* [Exercise details]: Look through the listing below for the line with "日本で唯一、いずれの宗派にも" and the line with "Die Xiaomi Smart". Copy both, along with every line between them, exactly and with no pictures.

* [The data]:

┌────────

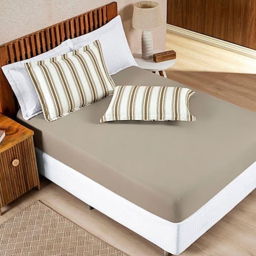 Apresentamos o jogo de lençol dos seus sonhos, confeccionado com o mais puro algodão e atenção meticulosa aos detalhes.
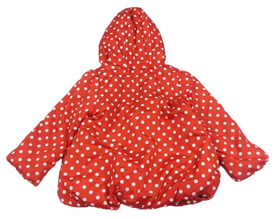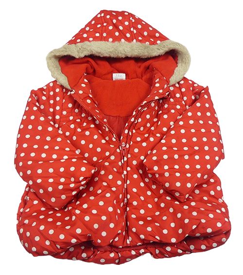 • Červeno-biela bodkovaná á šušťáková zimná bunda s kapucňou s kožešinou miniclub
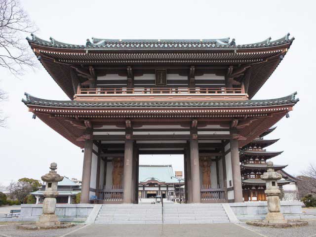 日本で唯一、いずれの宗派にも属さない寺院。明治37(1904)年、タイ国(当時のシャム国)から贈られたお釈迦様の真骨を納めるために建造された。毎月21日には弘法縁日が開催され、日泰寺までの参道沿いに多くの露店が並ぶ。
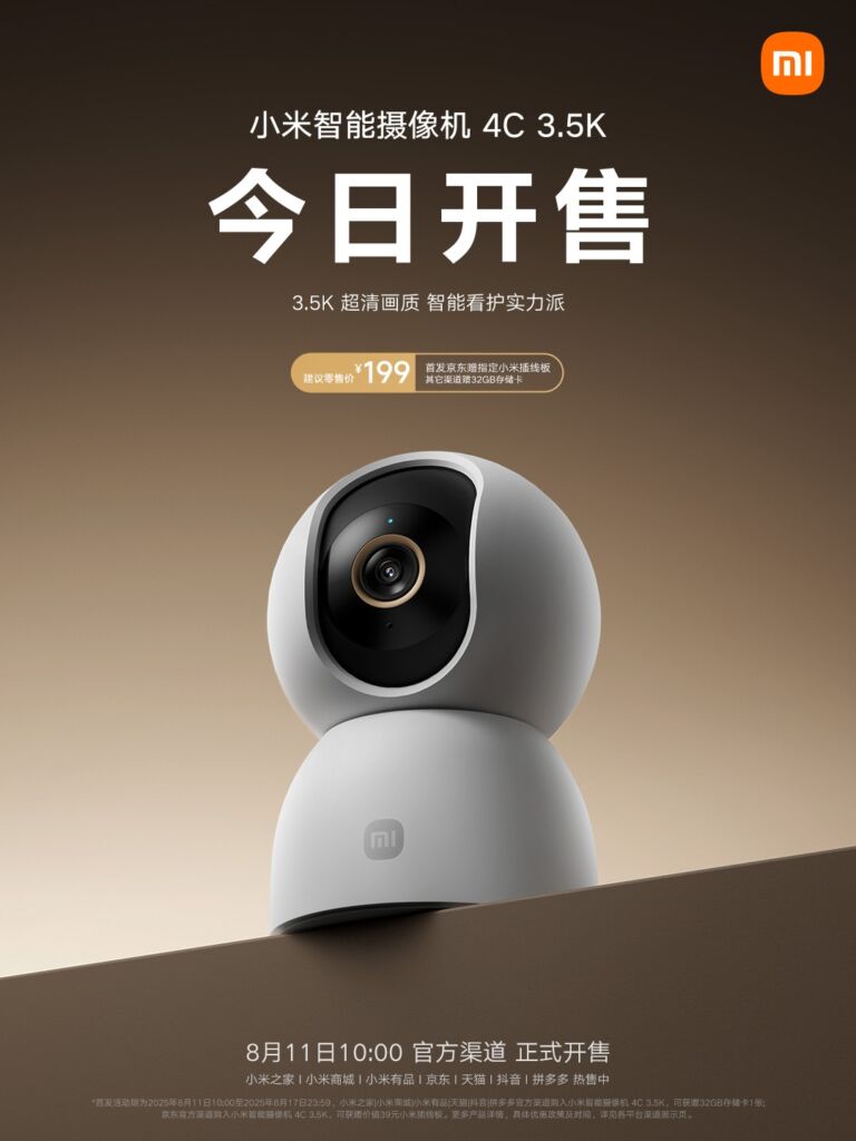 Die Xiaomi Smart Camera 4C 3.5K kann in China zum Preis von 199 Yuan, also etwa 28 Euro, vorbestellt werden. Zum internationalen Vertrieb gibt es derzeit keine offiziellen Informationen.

└────────
┌────────

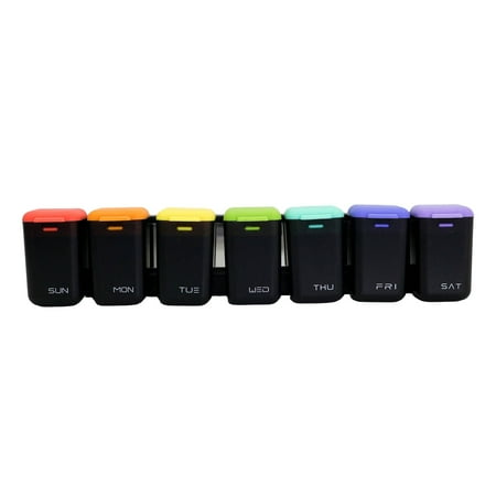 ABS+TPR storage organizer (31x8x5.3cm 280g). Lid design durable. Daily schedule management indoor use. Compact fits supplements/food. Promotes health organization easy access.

└────────
┌────────

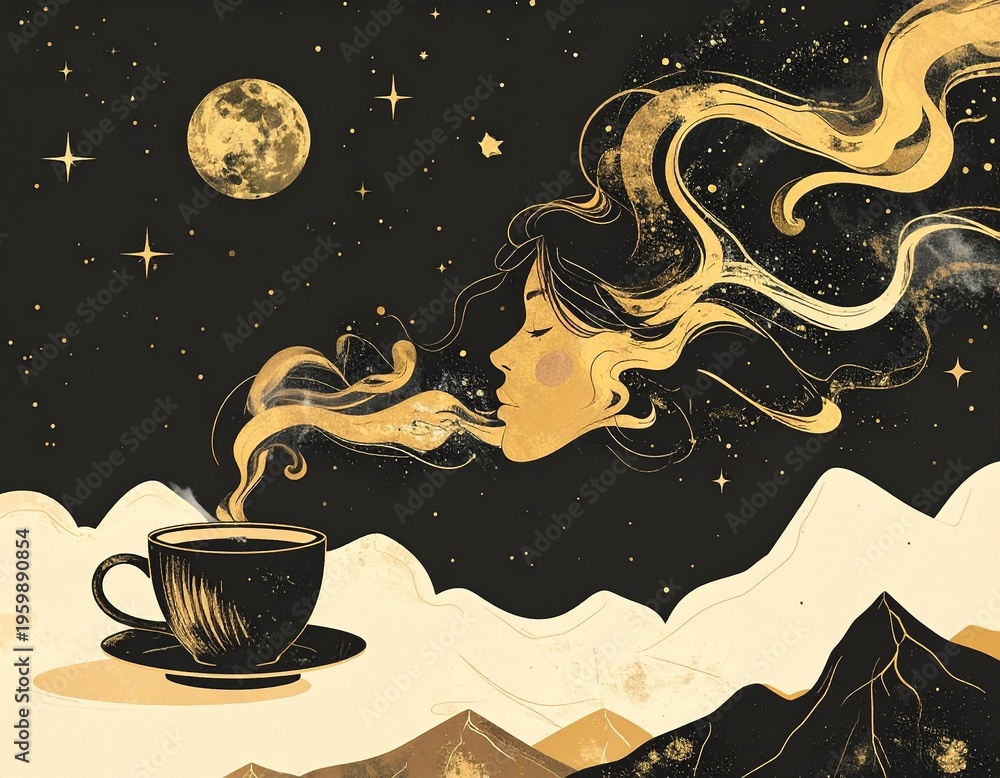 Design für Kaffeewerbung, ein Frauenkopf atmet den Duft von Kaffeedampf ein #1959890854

└────────

* [Solution to this problem]:
 日本で唯一、いずれの宗派にも属さない寺院。明治37(1904)年、タイ国(当時のシャム国)から贈られたお釈迦様の真骨を納めるために建造された。毎月21日には弘法縁日が開催され、日泰寺までの参道沿いに多くの露店が並ぶ。
 Die Xiaomi Smart Camera 4C 3.5K kann in China zum Preis von 199 Yuan, also etwa 28 Euro, vorbestellt werden. Zum internationalen Vertrieb gibt es derzeit keine offiziellen Informationen.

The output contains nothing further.